THE TASK -> Beginning with the line that holds "一枚で華やぐ、主役級花柄ワイドパンツ。" and ending with the last line of the entries, please output each line exactly, apart from any pictures.

%%

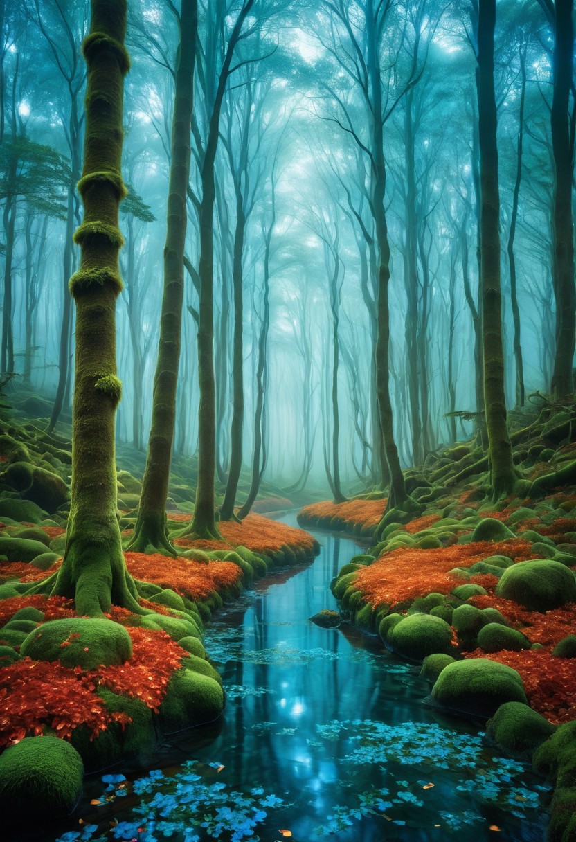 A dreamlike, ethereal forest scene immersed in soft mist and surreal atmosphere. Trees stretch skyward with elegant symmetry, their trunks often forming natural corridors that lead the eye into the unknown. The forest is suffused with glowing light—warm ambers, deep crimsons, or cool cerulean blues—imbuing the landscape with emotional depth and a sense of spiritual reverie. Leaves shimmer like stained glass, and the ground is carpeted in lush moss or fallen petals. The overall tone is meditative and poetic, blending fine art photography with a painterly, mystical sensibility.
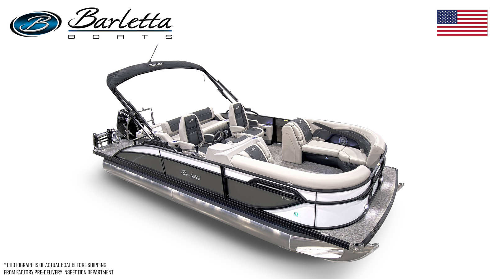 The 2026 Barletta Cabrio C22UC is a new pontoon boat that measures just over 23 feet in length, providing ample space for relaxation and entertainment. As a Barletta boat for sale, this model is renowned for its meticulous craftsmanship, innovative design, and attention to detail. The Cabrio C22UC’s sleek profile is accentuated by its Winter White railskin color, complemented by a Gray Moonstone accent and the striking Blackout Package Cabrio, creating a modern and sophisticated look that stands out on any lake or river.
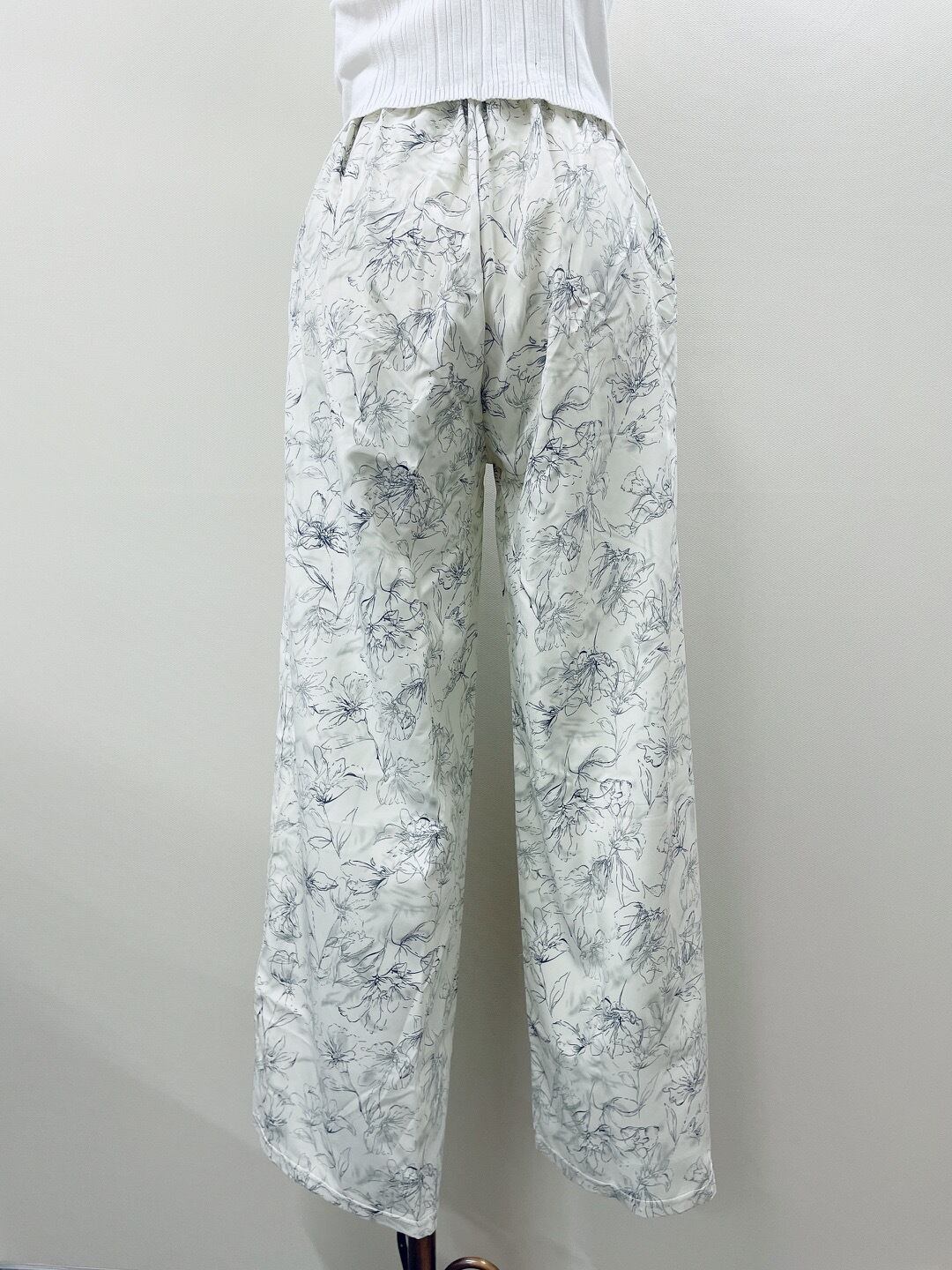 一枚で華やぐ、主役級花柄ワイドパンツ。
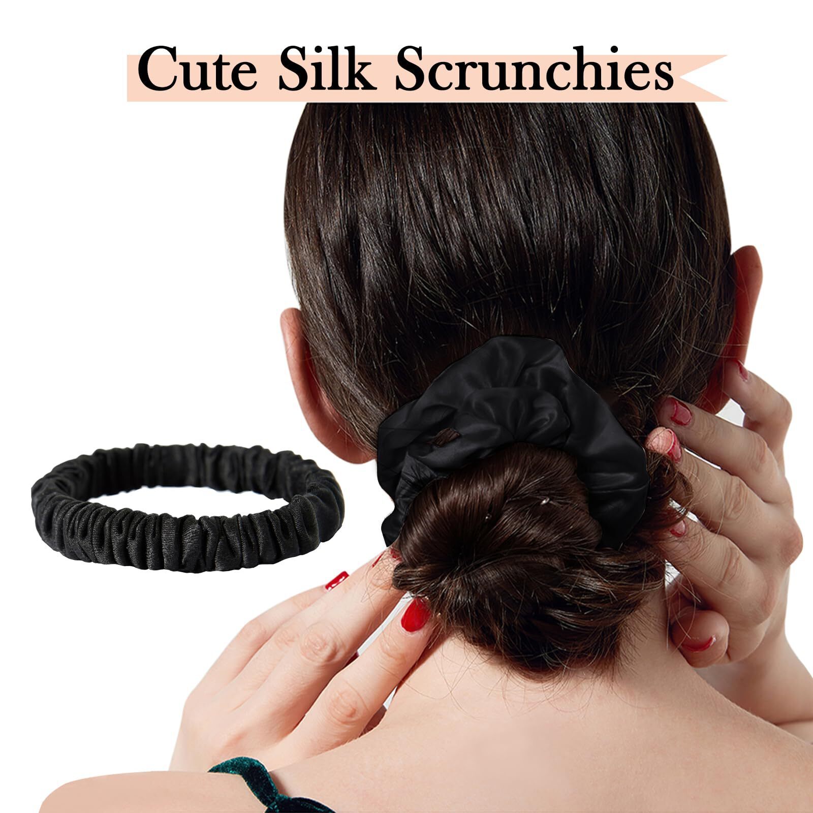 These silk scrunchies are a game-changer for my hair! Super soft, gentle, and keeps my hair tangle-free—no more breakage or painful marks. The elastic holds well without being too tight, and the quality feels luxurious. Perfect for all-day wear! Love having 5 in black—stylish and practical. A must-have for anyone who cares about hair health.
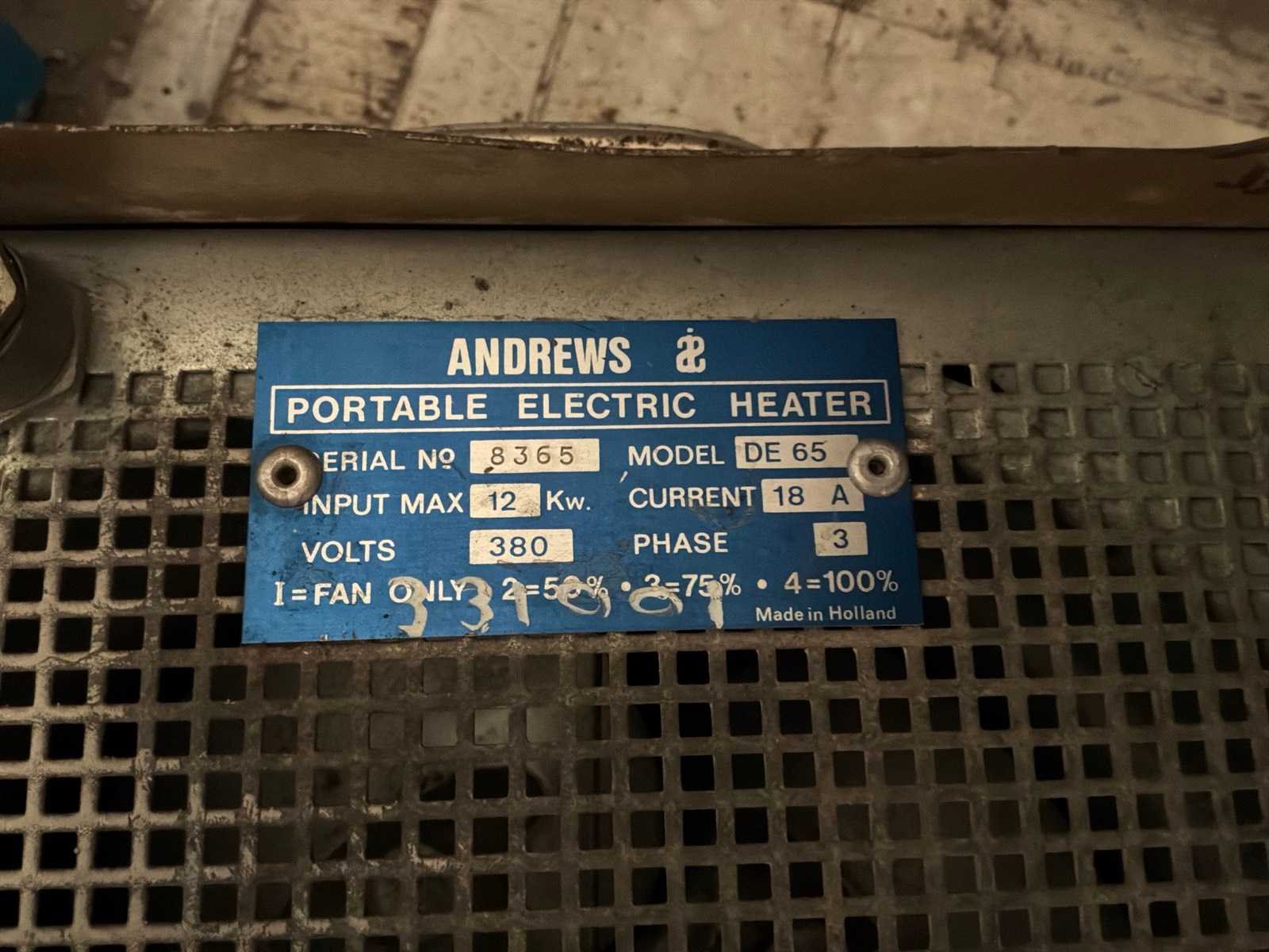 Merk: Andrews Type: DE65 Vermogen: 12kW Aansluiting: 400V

%%

RESULT OF THE TASK ->
 一枚で華やぐ、主役級花柄ワイドパンツ。
 These silk scrunchies are a game-changer for my hair! Super soft, gentle, and keeps my hair tangle-free—no more breakage or painful marks. The elastic holds well without being too tight, and the quality feels luxurious. Perfect for all-day wear! Love having 5 in black—stylish and practical. A must-have for anyone who cares about hair health.
 Merk: Andrews Type: DE65 Vermogen: 12kW Aansluiting: 400V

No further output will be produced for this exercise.